A Crosstab report (aka Contingency Table) allows you to cross tabulate at least two questions, one or more in the columns (also known as banner questions) and one or more in the rows (also known as stubs). Use Crosstabs to examine trends and patterns that are driving your summary results.

### Compatible Question Types

- Radio Button
- Checkboxes
- Dropdown Menu (Single)
- Image Select (Single)
- Image Select (Multiple)
- Rating (Likert Scale)
- NPS®
- Radio Button Grid Rows
- Checkbox Grid Rows
- Custom Group Radio Buttons
- Custom Group Checkboxes
- Custom Group Dropdown Menu (Single)
- Custom Group Rating (Likert Scale)
- Custom Group NPS
^{®} - Custom Group Checkbox Grid
- Custom Group Radio Button Grid
- URL Variables
- SSO Variables
- Hidden Values

## Setup

**1.** Go to **Results > Reports**

**2.** Click **Create Report > Crosstab**.

**3.** Give your report a **Title**.

**4.** Add Your Columns, also know as Banners. To add multiple questions, simply select them one after another. Delete any answer options from the list below that you do not wish to include.

**5. **Next, add your Rows (aka Stubs).

**6. **Finally, choose from the below crosstab options and click **Add Crosstab** when you are finished.

### Crosstab Options

**Frequencies** - These are just the counts of responses. Check out the Understanding Crosstab Totals section of this tutorial to learn more.

**Row Percents** - Row percents are computed by taking the cell count divided by the row total. Check out the Understanding Row and Column Percents section of this tutorial to learn more.

**Column Percent**s - Column percents are computed by taking the cell count divided by the column total. Check out the Calculating Row and Column Percents section of this tutorial to learn more.

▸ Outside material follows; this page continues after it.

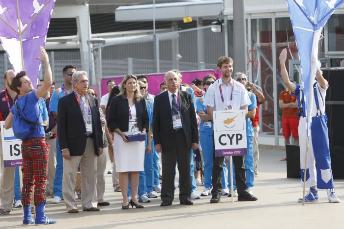 - Από εκδήλωση της Κυπριακής Ολυμπιακής Επιτροπής με τον Πρόεδρο της Δημοκρατίας Τάσσο Παπαδόπουλο και τον Κίκη Λαζαρίδη.

**Index **- The index is the likelihood of having both the row and column characteristic in comparison to the base population. The Index is calculated by dividing either the Row % in the cell by the Column Total % or by dividing Column % in the cell by the Row Total %. Either calculation generates the same result. Check out the Calculating the Index section of this tutorial to learn more.

**Row Means** - The row mean can be computed when the banner (the question in the column) has numeric reporting values; otherwise row means are not available. Check out the Calculating Row and Column Means section of this tutorial to learn more.

**Column Means** - The column mean can be computed when the stub (the question in the row) has numeric reporting values; otherwise column means are not available. Check out the Calculating Row and Column Means section of this tutorial to learn more.

**Row Totals **- The Row Total/Sub-Total column is the total responses for each answer option for the stub (the question in the row). In the Row Total/Sub-Total column there is also a percentage; this is the column percent for the row computed by dividing the row total by the total responses. Check out the Understanding Crosstab Totals section of this tutorial to learn more.

**Column Totals **- The Total/Sub-Total column is the total responses for each answer option for the stub (the question in the row). In the Row Total/Sub-Total column there is also a percentage; this is the row percent for the column computed by dividing the row total by the total responses. Check out the Understanding Crosstab Totals section of this tutorial to learn more.

**Pearson Chi-Square** - The chi-square (X²) statistic is used to investigate whether the data from two questions are correlated. The Pearson's Chi-Square test will assess whether the two cross-tabulated questions are independent or unrelated. A significant chi-square means that the data is related. Check out the Chi-Square section of this tutorial to learn more.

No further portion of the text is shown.